How can cooperation between higher education and business provide graduates with better pathways to employment?
For today’s employers, an academic degree is no longer enough. Graduates are increasingly expected to be knowledgeable, skilled and experienced, ready for their professional career. The responsibility for this employment readiness is justifiably being placed on universities to provide them with more relevant higher education.
In the face of ongoing change, universities are being called to take a stronger role in developing future workforce and building a highly skilled human capital. The issue is however not the number of graduates, but their skills and competences, which are increasingly being measured through employability metrics and new jobs created.
Today, like never before, it is essential for higher education institutions (HEIs) to better attune themselves to the needs of both students and their future employers. In a practical sense then, the question arises: what can universities do to ensure that their students are well equipped with practical knowledge and skills and are capable of meeting demands of a tough job market?
Being seen as one of the central challenges for Europe, a so-called ‘skills mismatch’ can be addressed through the systematic cooperation between universities and employers. Through university-business cooperation (UBC) HEIs become increasingly capable of translating education into meaningful competences for the workplace and providing smooth transfer of graduates from “students” status to “employees”.
Management Center Innsbruck is a strategic partner for employers
To ensure the relevance of its education, Management Center Innsbruck (MCI) approaches employer-engagement and business partnerships very strategically. Founded in 1995 as an autonomous academic spin-off of the University of Innsbruck in Austria, MCI systematically engages with employers to improve teaching and enhance student employability.

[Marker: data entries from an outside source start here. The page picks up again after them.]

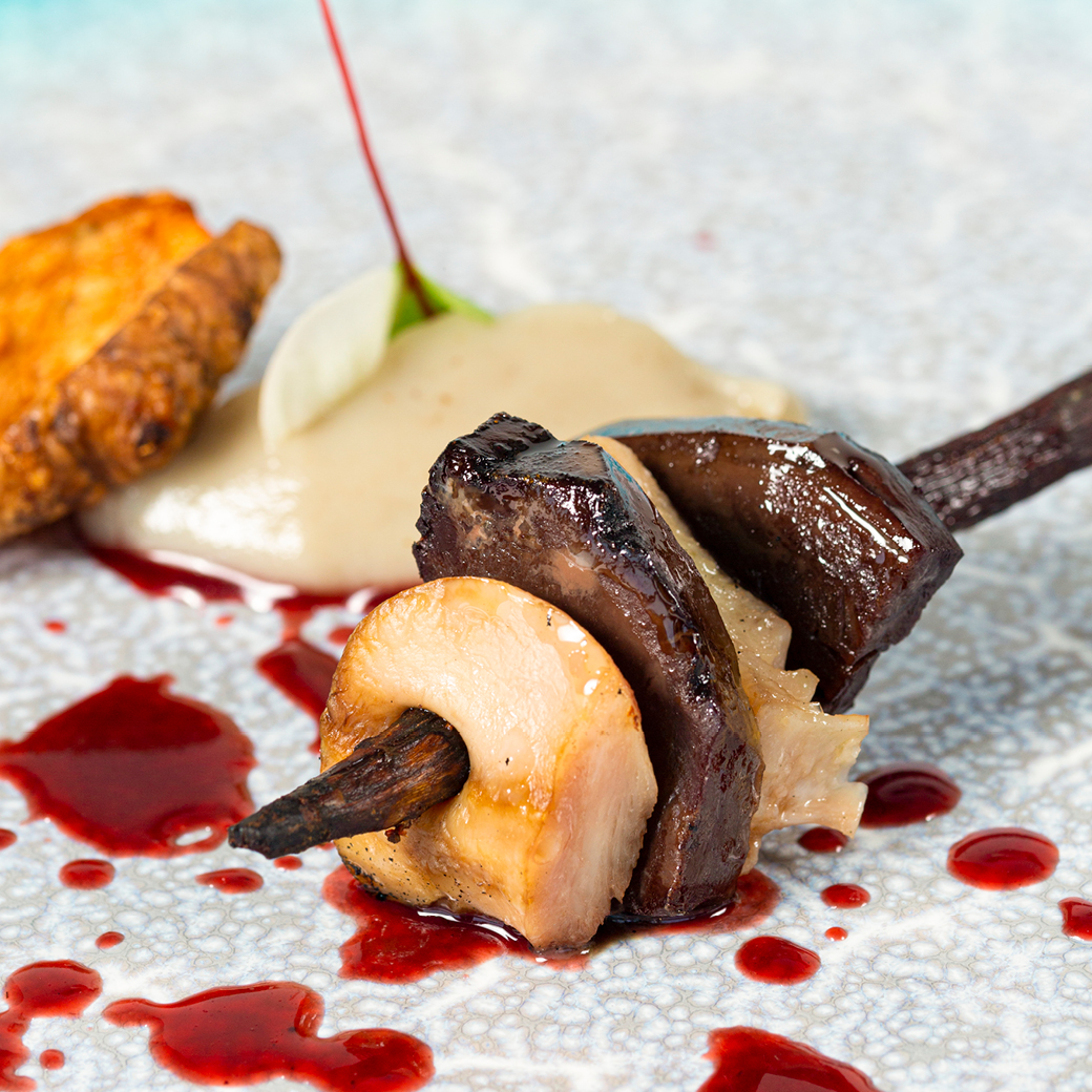 Ready for the main course? Chef Pasquale shows off his sea chops with this seabass and foie gras skewer, beautifully presented with an unusual Martini Dry-scented carrot cream and pineapple chutney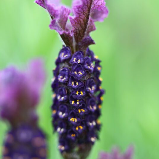 Lavandula 'Regal Splendour' is a lively evergreen lavender with upright stems that carry slender, fragrant, grey-green leaves. During spring, it graces gardens with delightful spikes of dark purple-violet flowers, crowned with rich, dark purple bracts. This plant not only adds charm to borders but also thrives in patio pots, drawing the admiration of buzzing bees.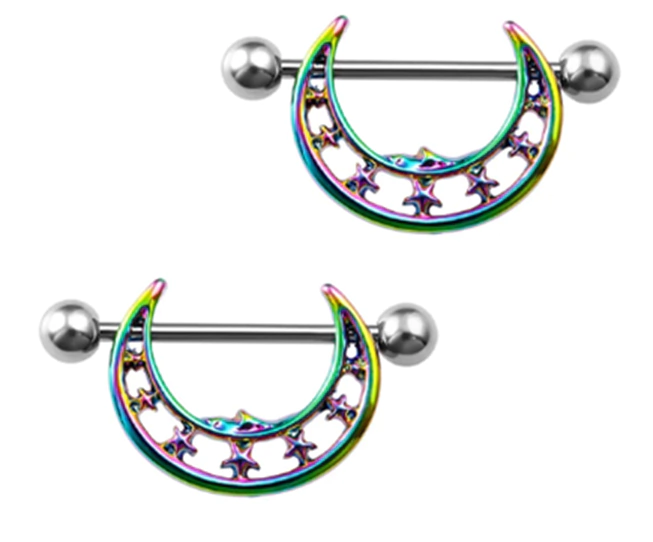 Piercing Para Pezón X2 Acero Luna Tornasol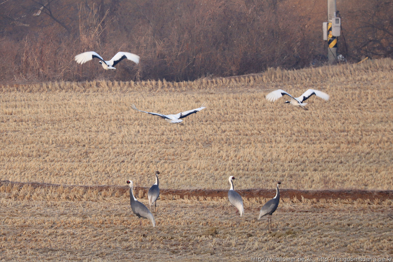그거 아시나요? 재두루미도 두루미와 마찬가지로 천연기념물입니다. 두루미는 가족 단위로 움직이고 재두루미는 그룹 생활도 많은 편입니다. 그래서 그런지 재두루미보다 두루미가 좀 더 예민해서 눈에 띄기 쉽지 않아서 잘 보이지 않고 상대적으로 재두루미는 두루미보다는 포착이 수월한 편입니다.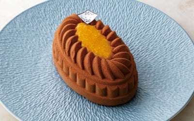 ペルー産ミルクチョコムースと、マダガスカル産カカオマスのダークチョコムースを重ね、南濃みかんの自家製コンフィチュールとアーモンド入りカカオ生地を合わせました。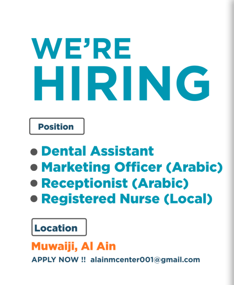 WE ARE HIRING Position Dental Assistant Marketing Officer Receptionist (Arabic) Registered Nurse (Local) In a Medical Center in Al Ain

But how exactly does MCI cooperate with its business partners? On a practical level, the institution strongly focuses on a collaborative curriculum design and its delivery as well as mobility of students.
Uniquely at MCI however, not only does this occur throughout the life of its degree and post-degree programmes, but also, during the programme intake and following the end of programme. This therefore involves specifically-chosen industry representatives who are invited into MCI as partners in the development and delivery of the teaching programmes.
As an example, in the case of the Medical Engineering programme, MCI involves professionals from hospitals, the IT sector and medical engineering companies in course-design and delivery. Furthermore, they are also systemically involved in the student admission process, helping to select students who are more likely to fit the profile of the employer, and introducing students to a ‘employment-like’ recruitment process. The professionals are then often employed as part-time lecturers.
A further key aspect underpinning their employer-aligned programmes, is the recruitment of professionals from industry to become valuable faculty members. 300 internal MCI faculty and complemented by more than 800 external faculty members ensuring that significant material is being delivered directly from professionals in-practice.
These professionals integrate their business problems into courses, execute student-business projects, offer internship opportunities and facilitate the organisation of networking events with industry actors. This initiative has the benefit of ensuring that the curriculum is inevitably aligned with the needs of the industry, generates a more direct path for students to employment, whilst benefiting businesses by providing opportunities scout and win top student talent and developing graduates who are job-ready.
As for student mobility and placement, MCI has established a special administrative unit – the MCI Career Center – which acts as an interface and interaction point between students and graduates, on one side, and potential future employers, on another. To make the screening and communication process for the companies easier and more efficient, MCI provides them with a “Career Partnership” platform for posting job and career opportunities for students.
MCI’s impact on employability
The institution’s strong focus on practical relevance and its commitment to close collaboration with the business community helps to ensure that MCI graduates will become job-ready employees for the labour market due to their combined academic knowledge and work-oriented skills.
One of the indications that MCI education creates an impact on graduates’ careers is that the average graduate receives 2.15 job offers at the time of his or her graduation from MCI, whilst 91.6% of MCI graduates have a job within three months after graduation. Furthermore, substantial salary increases and noticeable career progression for MCI graduates highlight the impact of MCI’s education on their successful career paths.